Coïncidemment, Chopin ouvrit la porte du salon au même moment, tombant nez à nez avec son amante et Delacroix qui s'arrêtèrent pour le fixer en retour.

- Quel spectacle nous affichons là, avoua ce dernier. Mais voilà qui va me calmer : Mon cher petit Chopin! Dites donc à notre chère Aurore que Victor Hugo est bien un homme rustre et que je ne lui suis semblable en rien!

- N'écoute pas cet imbécile, Frédéric. Il est plus vaniteux que quiconque!

Lui qui voulait être discret, c'était raté. Il serra son livre contre lui, maintenant rempli de regrets. Pourquoi avait-il décidé de venir ici, et pas dans sa chambre? Il détestait les conflits, et redoutait encore plus de s'interposer au milieu de l'un d'eux.

C'était pourtant sensé être un bon séjour, calme et paisible. Il était revenu à Nohant, et avait, ces derniers jours, profité de l'air de la campagne tout en passant ses journées à travailler, lire et se promener. Durant ces allers-retours entre sa chambre et le jardin, il faisait à peine attention aux invités qui allaient et venaient chez son amante. Mais c'était difficile d'ignorer celui-ci. Delacroix était présent partout, que ce soit par les cours qu'il donnait au fils de cette dernière, par l'atelier qu'il avait installé au grenier ou par le matériel qu'il semait partout, jardin compris. Et combien de fois s'était-il introduit dans sa chambre pour l'écouter jouer, lui faisait-il la conversation au dîner et au souper, ou lorsqu'il était tout simplement seul? Ça ne le dérangeait pas, au contraire même, c'était plaisant d'avoir quelqu'un d'aussi aimable et curieux autour de soi, mais il espérait juste qu'il ne devienne pas trop envahissant. Ce serait bête d'avoir un Berlioz 2.0.

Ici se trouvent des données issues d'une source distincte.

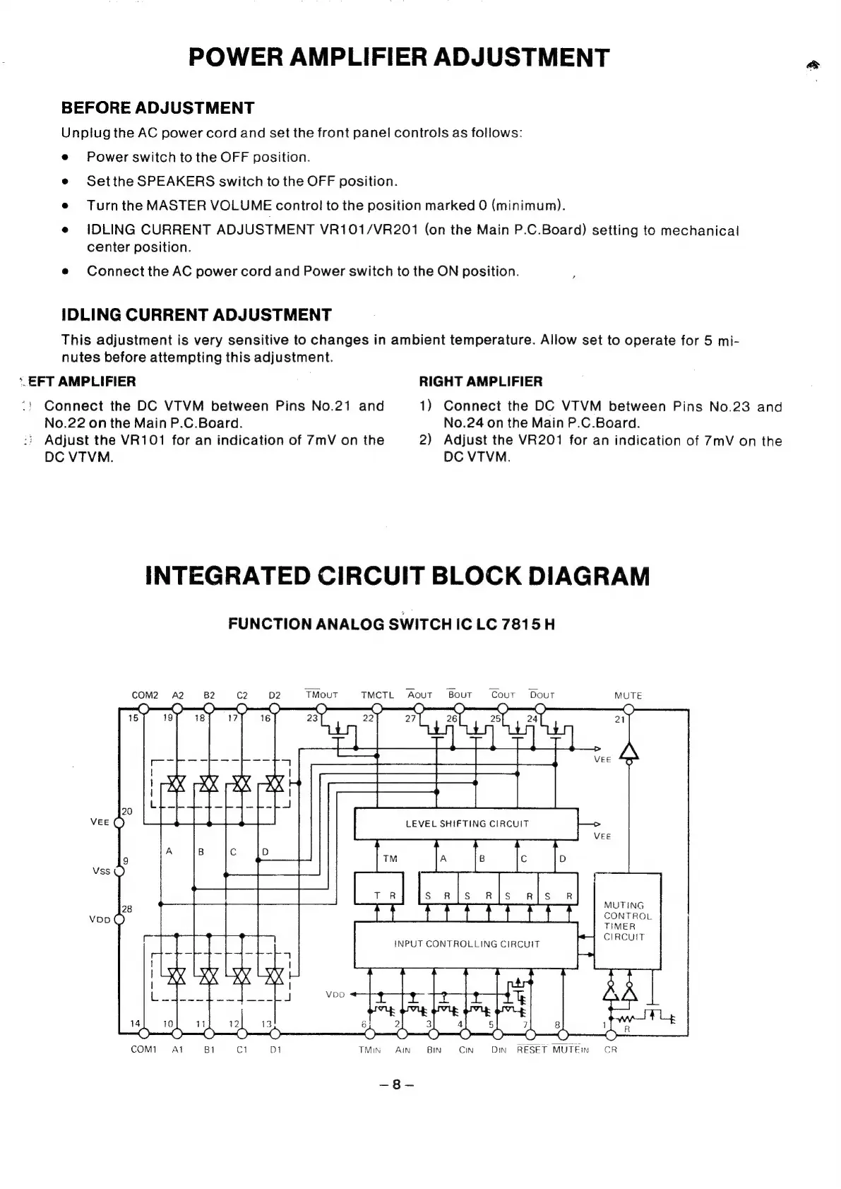 Fisher CA-271 - Power Amplifier Adjustment; Integrated Circuit Block Diagram

Ou qu'il ne l'entraîne pas dans des situations embarassantes comme à présent. Puis quelle était cette manie qu'avait son entourage de lui donner des surnoms si familiers et ridicules? Il n'imaginait même pas la réaction de Liszt si on le traitait de cette manière. Malheureusement il n'était pas comme lui, et il se taisait, car ce serait stupide de créer un conflit là-dessus. Surtout qu'apparemment, il y avait déjà de l'orage dans l'air.

- Je ne préfère pas répondre, ni à l'un ni à l'autre, finit par dire Chopin en évitant leur regard et en faisant demi-tour.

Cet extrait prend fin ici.